S202: topic data is input in topic model tool, to extract point of Topic word from topic data Class.
Specifically, topic model tool is existing for extracting the tool of theme, can be to being input to itself number Classify according to content, each classification indicates a theme.Topic data is input to theme mould by this step In type tool, which can classify to topic data, to obtain the classification about Topic word.
The detailed process that topic model tool carries out subject classification can be expressed as, for topic data, in theme distribution One theme of middle extraction;A word is randomly selected in the distribution of the word corresponding to the theme being drawn into;It repeats the above process Until each word in traversal entire chapter topic data.The treatment process is recognized based on the analysis of the generating process to document It is document before generation, it is first determined this document needs the theme for including, and then surrounds the relevant word of theme reselection Wording and phrasing are carried out, to generate corresponding document.Topic model tool is based on document structure tree principle, by given topic number According to as a document, the theme distribution of the topic data is deduced as procedure described above.

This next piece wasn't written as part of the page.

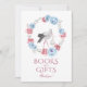 Vinterblått och Rosa Blommigt Babyvykort och skylt på Bord. Storken är omgiven av en krans med vattenfärgspennor. Matchande objekt är tillgängliga.

One specific example of topic model tool is that (Latent Dirichlet Allocation implies Di Li to LDA Cray distribution) topic model, it includes word, theme and document three-decker that LDA, which is also referred to as three layers of bayesian probability model,.LDA is A kind of unsupervised learning method, using bag of words, each document is considered as a word frequency vector, and bag of words do not account for word Sequence between word.Below by taking the topic model tool as an example, the assorting process of topic model tool is briefly described.
Specifically, topic data, theme quantity K, word quantity N are input in LDA topic model tool, wherein theme Quantity K, word quantity N are the parameter preset in tool, and theme quantity K indicates that the tool needs topic data being divided into how many A subject classification includes multiple Topic words in each subject classification, and word quantity N is for indicating to need in each subject classification The quantity of the Topic word of selection.It should be noted that LDA topic model tool can calculate each Topic word relative to The probability value of the subject classification, what probability value indicated is the probability value that Topic word belongs to the subject classification, therefore is being chosen When Topic word can by probability value from high to low in the way of chosen.

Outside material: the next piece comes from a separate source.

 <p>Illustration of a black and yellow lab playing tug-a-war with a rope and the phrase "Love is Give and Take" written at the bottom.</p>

Based on the setting of above-mentioned parameter preset, after M topic datas are input in LDA topic model, LDA topic model Topic data can be divided into K Subject Clustering automatically, each Subject Clustering respectively indicates an independent theme, theme Particular content can not be obtained by LDA topic model, therefore Subject Clustering is properly termed as implicit theme.In addition, each theme is poly- It include N number of Topic word in class.
It is assumed that setting 30 for the theme quantity K in LDA topic model tool, word quantity N is set as 10, will be certain In the LDA topic model tool that topic data input value is arranged such, output result shown in Fig. 3 is obtained.As shown in figure 3, LDA Topic model tool exports the cluster of 30 groups of words, and each cluster indicates a theme, the volume that the first column of figure of left side is the theme Number, each theme includes 10 Topic words.
It should be noted that LDA topic model is the algorithm model for obeying Dirichlet (Di Li Cray) distribution, divide K theme obey the Dirichlet that parameter is α and be distributed, N number of word in each theme obeys Dirichlet points of parameter beta Cloth.There are a probability, the probability to indicate the correlation degree with implicit theme for each word, according to implicit theme participle When, LDA topic model chooses classification of the big word of top n probability as implicit descriptor according to the size of probability.And according to general The sequence arrangement of rate from big to small.
S203: the classification of default topic and Topic word is input to term vector and is generated in model, to obtain and topic language Multiple words similar in justice;The plurality of newsy dictionary of word group.
Specifically, one or more topics can be preset.If topic be it is multiple, by each topic respectively with master The classification of epigraph language is input to term vector and generates in model, to respectively obtain the corresponding dictionary of each topic.
Term vector generates model and is used to obtain multiple words with topic semantic similarity from the classification of Topic word, these Word is the dictionary of topic.The example that term vector generates model is that work2vec term vector generates model, with the model For the generating process of dictionary is briefly described.
For example, the classification of " people's livelihood " topic and Topic word is input to work2vec term vector and generated in model, Work2vec finds word relevant to people's livelihood topic semanteme, i.e., according to the people's livelihood topic of input in the classification of Topic word It is calculated in Topic word by algorithm, the probability of each word and preset topic, arrives small sequence greatly according still further to probability and choose one The word of fixed number amount (quantity can be pre-set), as the corresponding dictionary of topic.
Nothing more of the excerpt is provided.